Go to the line holding "Открыли финальный блок" in the data below and repeat it exactly, then each line after it up to and including the one holding "応募者が回答したアンケートは応募者の個人ページ上で確認していただけます。". Omit pictures.

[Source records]
⁂

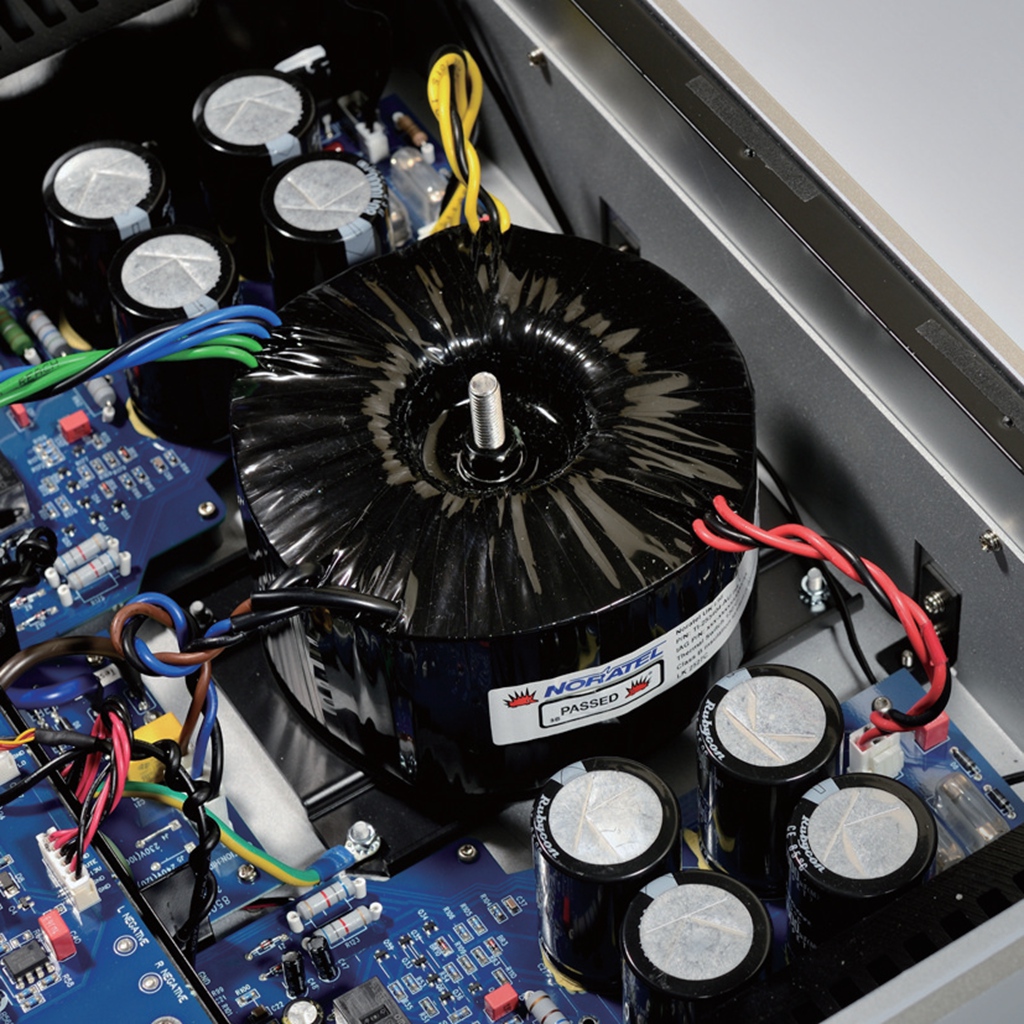 8500XP立体声后级放大器采用了全新的箱体设计,前面板的样式就像是增高了的9000P,也让8500XP从外观上能与7000、9000系列的产品完美匹配。机箱采用与旗舰9000系列相同的阳极氧化工艺,不仅具备卓越的耐用性与抗磨损能力,更通过氧化铝层提升散热性能并有效屏蔽电磁干扰,底部配备四组可调节橙色氛围灯,兼顾功能性与美学价值。核心组件全面升级,采用安森美MJL1302A/MJL3281A高性能晶体管,在50mA至5A电流范围内增益匹配精度误差小于10%,配合30MHz高截止频率确保信号精准还原;定制Noratel大功率环形变压器增加次级绕组,提升输出电压摆幅及电流能力;电源滤波升级为日本Rubycon 80V/10000μF低阻抗电容,每声道总容量达40000μF;音频耦合电容升级为日本NICHICON MUSE系列无极性电容,实现低损耗信号传输。
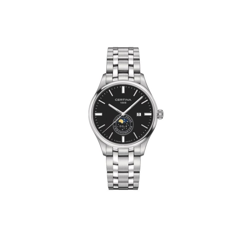 Certina DS-8 Moon Phase armbandsur til herre, 41mm, stål, lenke med foldespenne, sort skive med indekser og datovisning kl 3, sølv visere i Super-LumiNova, PrecidriveTM End of life Chronometer quartz-urverk, safirglass med antirefleksbehandling, 10 bar
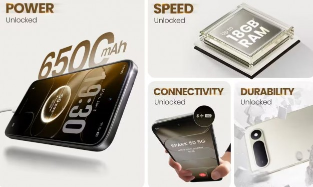 Представлен смартфон Tecno Spark 50 5G с чипом Dimensity 6400 и батареей на 6500 мАч за $179
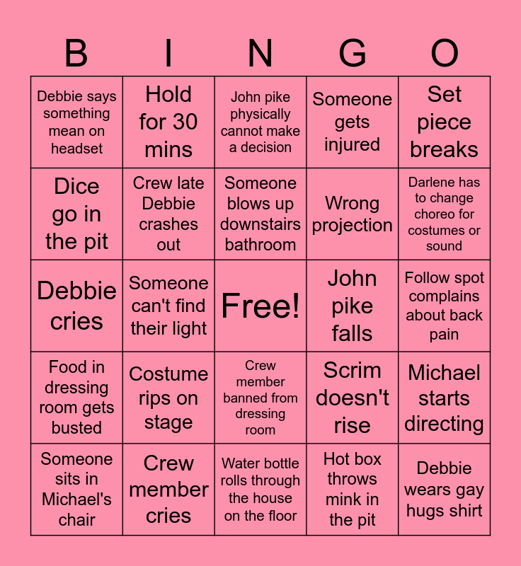 This bingo card has a free space and 24 words: Costume rips on stage, Crew member cries, Someone blows up downstairs bathroom, Someone sits in Michael's chair, Set piece breaks, Debbie says something mean on headset, Dice go in the pit, Hold for 30 mins, John pike falls, Crew member banned from dressing room, Wrong projection, Debbie cries, Scrim doesn't rise, Michael starts directing, Crew late Debbie crashes out, Hot box throws mink in the pit, Follow spot complains about back pain, John pike physically cannot make a decision, Darlene has to change choreo for costumes or sound, Someone can't find their light, Debbie wears gay hugs shirt, Food in dressing room gets busted, Someone gets injured and Water bottle rolls through the house on the floor.
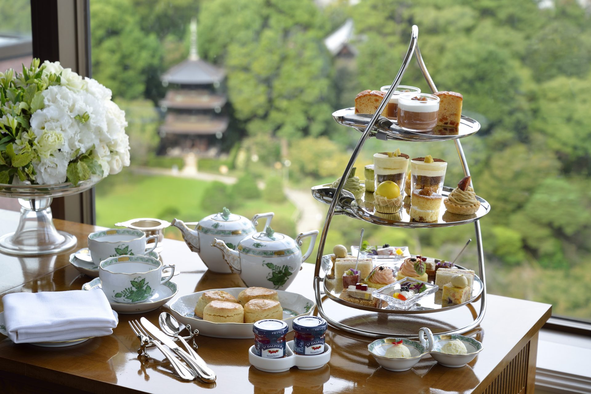 ホテルの高層階(12 階)に位置し、広大な庭園を眺望できるご宿泊者様限定のアフタヌーンティーラウンジ「パゴダルーム」。
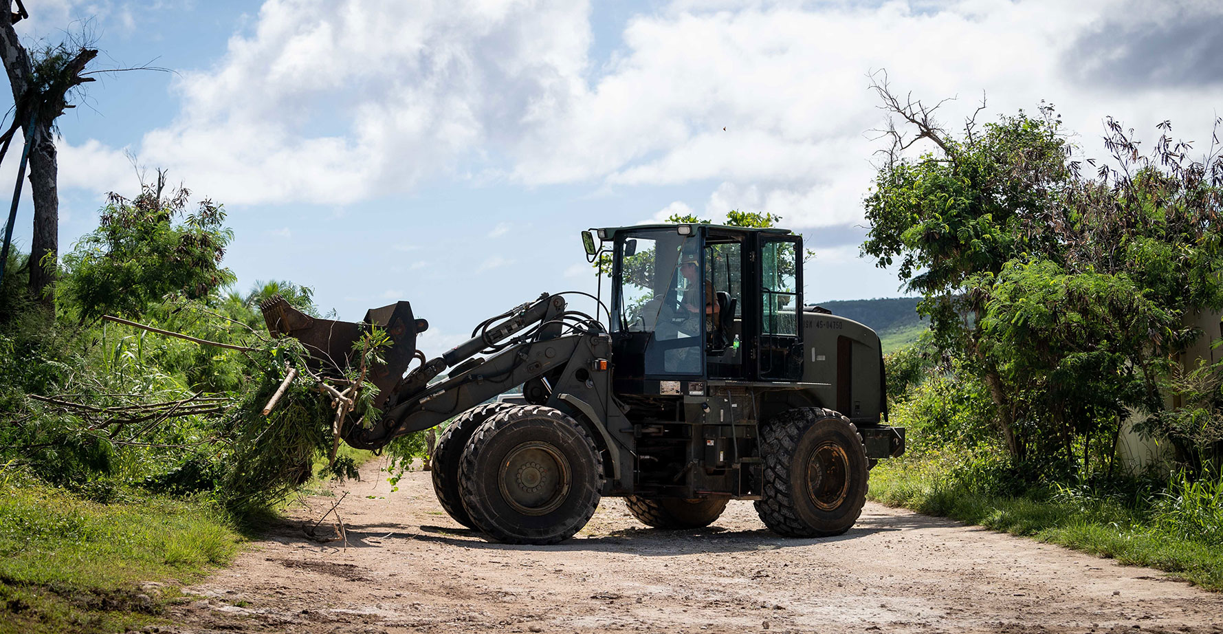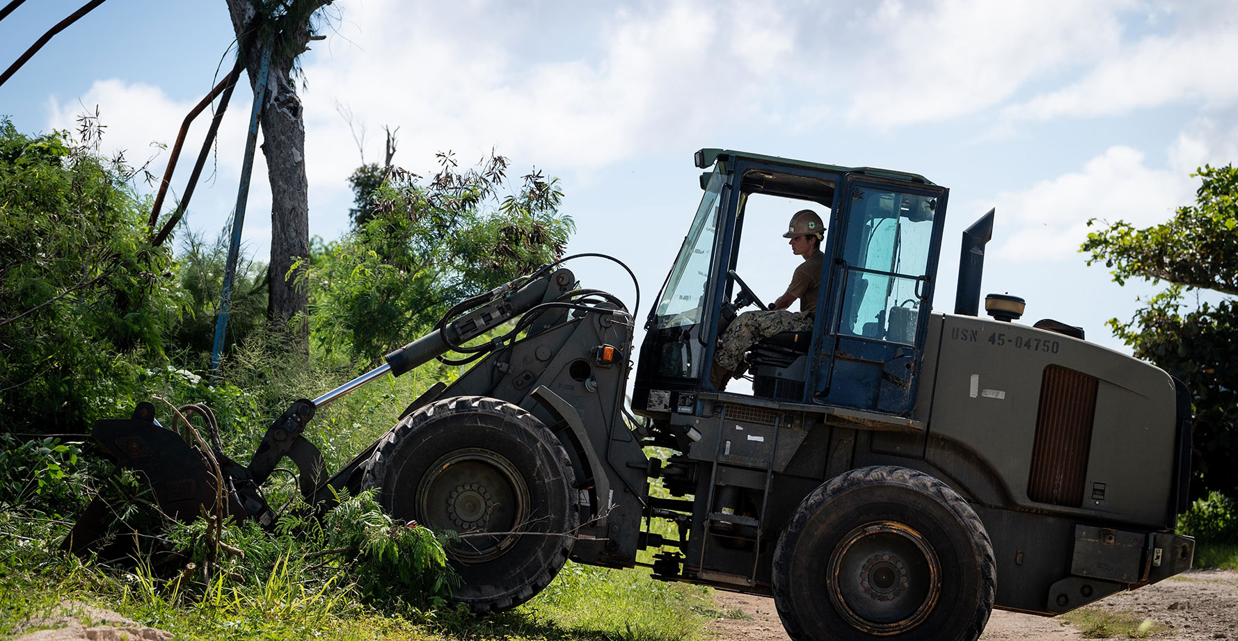 Equipment Operator 3rd Class Cord Price, assigned to U.S. Naval Mobile Construction Battalion 3’s Detail Tinian, utilizes a clamshell bucket on the 924 Loader to remove downed obstructions in support of Marpo Heights Road G construction.
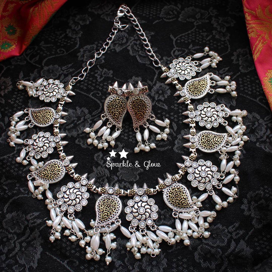 Discover the timeless elegance of our Rice Pearl Gutta Pusalu Necklace crafted in exquisite German silver. This short necklace features a harmonious blend of white and pink hues, adorned with intricate motifs and delicate rice pearl beads. The ornate design reflects traditional craftsmanship, making it a perfect accessory for festive occasions and weddings.
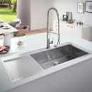 K1000 stålvasken fra tyske Grohe er kendetegnet ved smarte funktioner, friske moderne linjer og suveræn stålkvalitet.
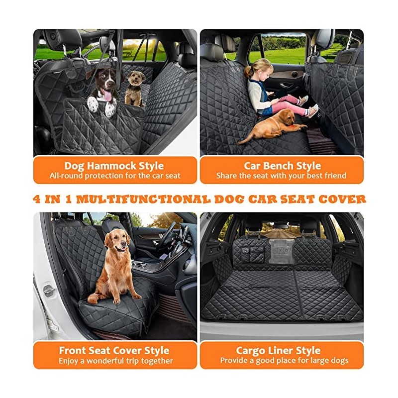 CHEWCREW 4-in-1 Dog Car Seat Cover Waterproof Pet Dog Travel Mat Mesh Dog Carrier Car Hammock Cushion Protector with Zippers and Pockets (Black)
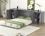 Queen Size Murphy Bed with Shelves, Cabinets, USB Ports - Gray
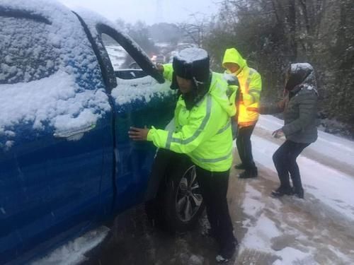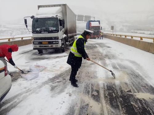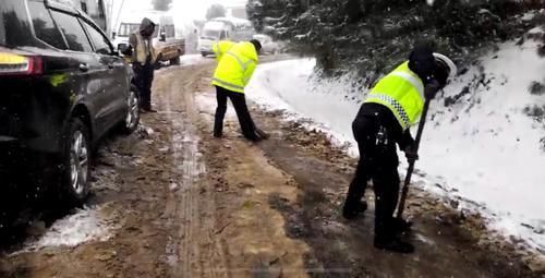 各地交警全員出動上路,鏟雪、播撒融雪劑等,頂風(fēng)冒雪疏散交通,幫助風(fēng)雪路上打滑及事故車輛推車。風(fēng)雪里,交警們的身影讓大雪天的行車人倍感溫暖。
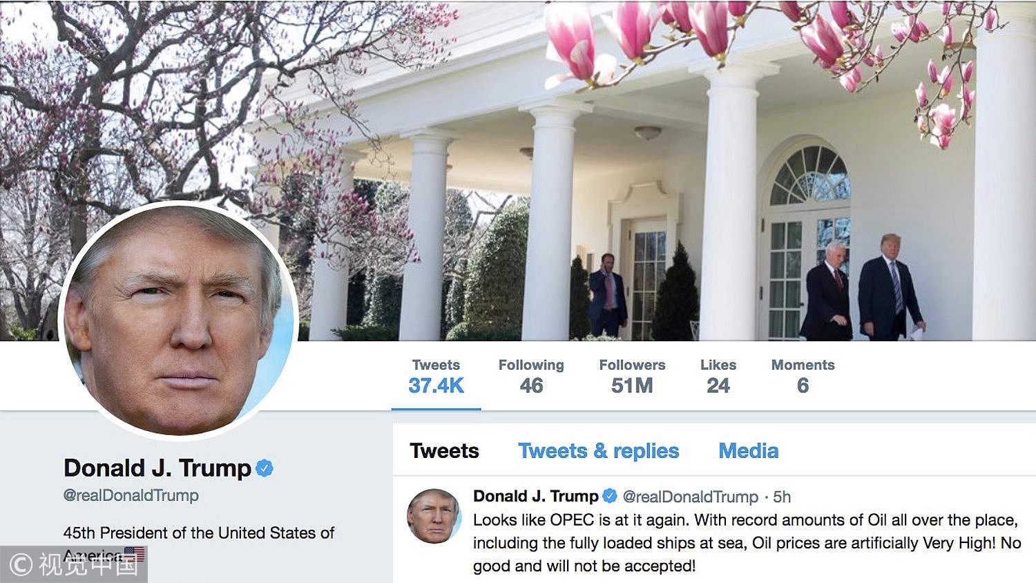 The masthead of US President Donald Trump's @realDonaldTrump Twitter account with a message about OPEC policy is seen on April 20, 2018. /VCG Photo
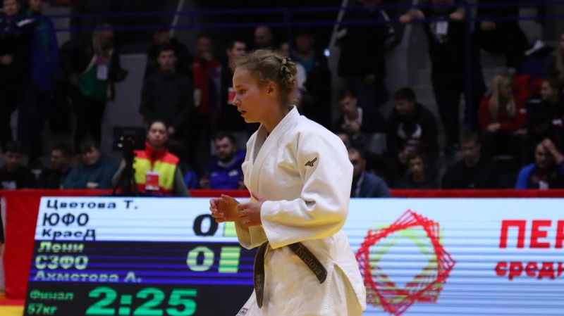 Открыли финальный блок схватки представительниц прекрасной половины человечества в дивизионе до 57 кг. В поединке за «золото» алтайской чеканки встретились Татиана ЦВЕТОВА (ЮФО) и Амина Ахметова (СЗФО). Сильнее в этом противостоянии оказалась воспитанница туапсинской школы дзюдо: Цветова в «голден скор» смогла уложить соперницу на татами и заработать решающую оценку.
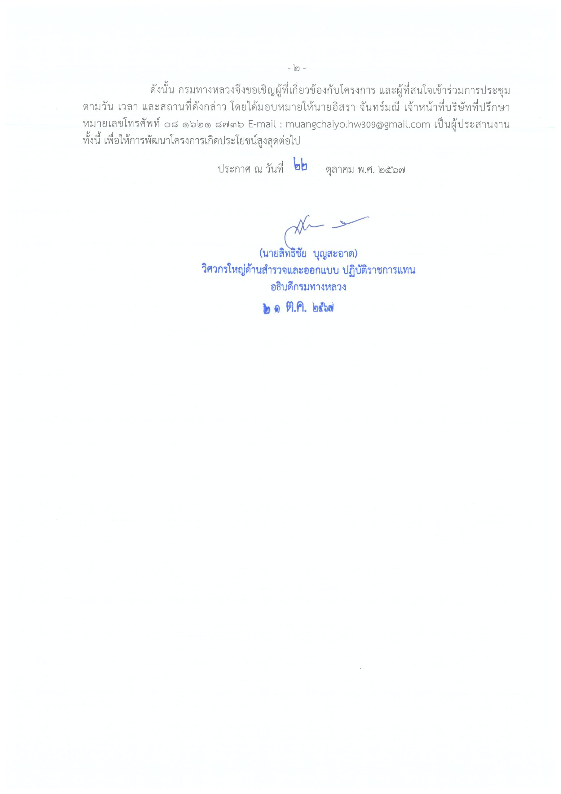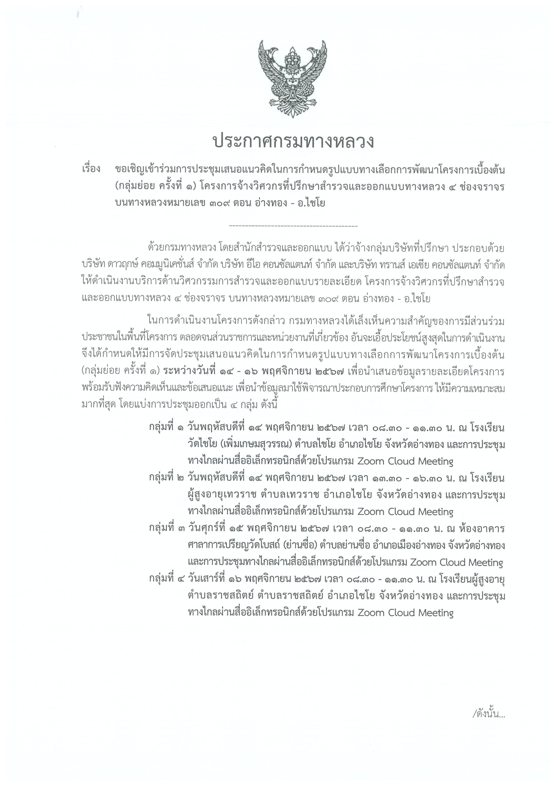 ขอเรียนเชิญเข้าร่วมการประชุมเสนอแนวคิดในการกำหนดรูปแบบทางเลือกการพัฒนาโครงการเบื้องต้น (กลุ่มย่อย ครั้งที่ 1) ในวันที่ 14-16 พฤศจิกายน 2567
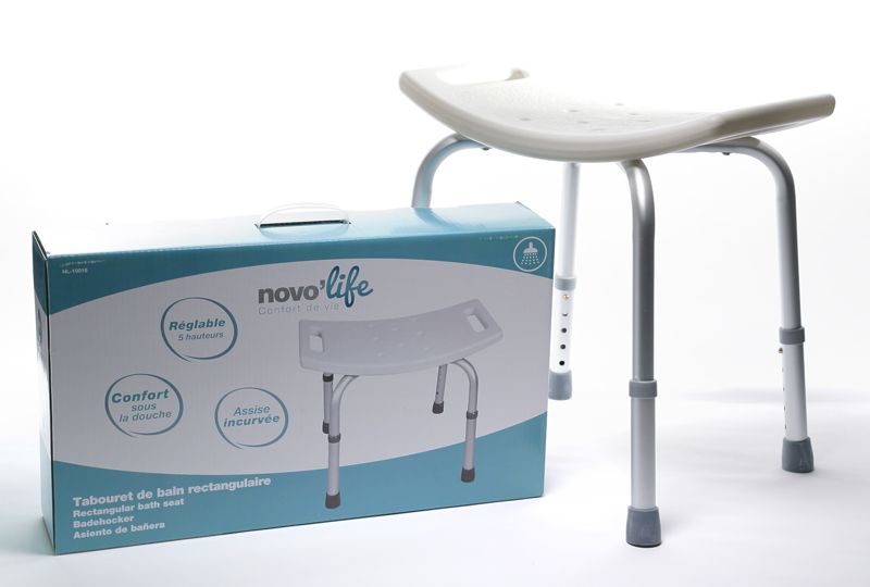 El taburete de baño Novo'Life es un sólido soporte que se puede utilizar tanto en una bañera como en una ducha, gracias a su estructura en aluminio cepillado. Su asiento curvo asegura una gran comodidad y sujeción a sus usuarios, además cuenta con dos robustas asas a los lados para facilitar la autonomía del usuario. Fácil de ajustar, el asiento de baño cuenta con 5 alturas regulables según las necesidades de cada usuario.
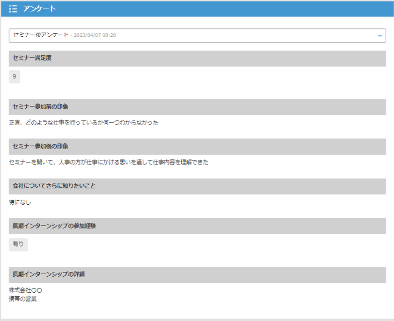 応募者が回答したアンケートは応募者の個人ページ上で確認していただけます。
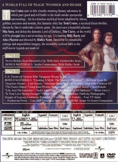 Tom Cruise stars in this visually-stunning fantasy adventure in which pure good and evil battle to the death amidst spectacular surroundings. Set in a timeless mythical forest inhabited by fairies, goblins, unicorns and mortals, this fantastic story has Tom Cruise, a mystical forest dweller, chosen by fate to undertake a heroic quest. He must save a beautiful princess, Mia Sara, and defeat the demonic Lord of Darkness, Tim Curry, or the world will be plunged into a never-ending ice age. Co-starring Billy Barty and Alice Playten and directed by Ridley Scott, famed for his remarkable settings and unparalleled imagery, the incredibly realized fable is the stuff movie legends are made of. |

⁂

**Written response:**
 Открыли финальный блок схватки представительниц прекрасной половины человечества в дивизионе до 57 кг. В поединке за «золото» алтайской чеканки встретились Татиана ЦВЕТОВА (ЮФО) и Амина Ахметова (СЗФО). Сильнее в этом противостоянии оказалась воспитанница туапсинской школы дзюдо: Цветова в «голден скор» смогла уложить соперницу на татами и заработать решающую оценку.
 ขอเรียนเชิญเข้าร่วมการประชุมเสนอแนวคิดในการกำหนดรูปแบบทางเลือกการพัฒนาโครงการเบื้องต้น (กลุ่มย่อย ครั้งที่ 1) ในวันที่ 14-16 พฤศจิกายน 2567
 El taburete de baño Novo'Life es un sólido soporte que se puede utilizar tanto en una bañera como en una ducha, gracias a su estructura en aluminio cepillado. Su asiento curvo asegura una gran comodidad y sujeción a sus usuarios, además cuenta con dos robustas asas a los lados para facilitar la autonomía del usuario. Fácil de ajustar, el asiento de baño cuenta con 5 alturas regulables según las necesidades de cada usuario.
 応募者が回答したアンケートは応募者の個人ページ上で確認していただけます。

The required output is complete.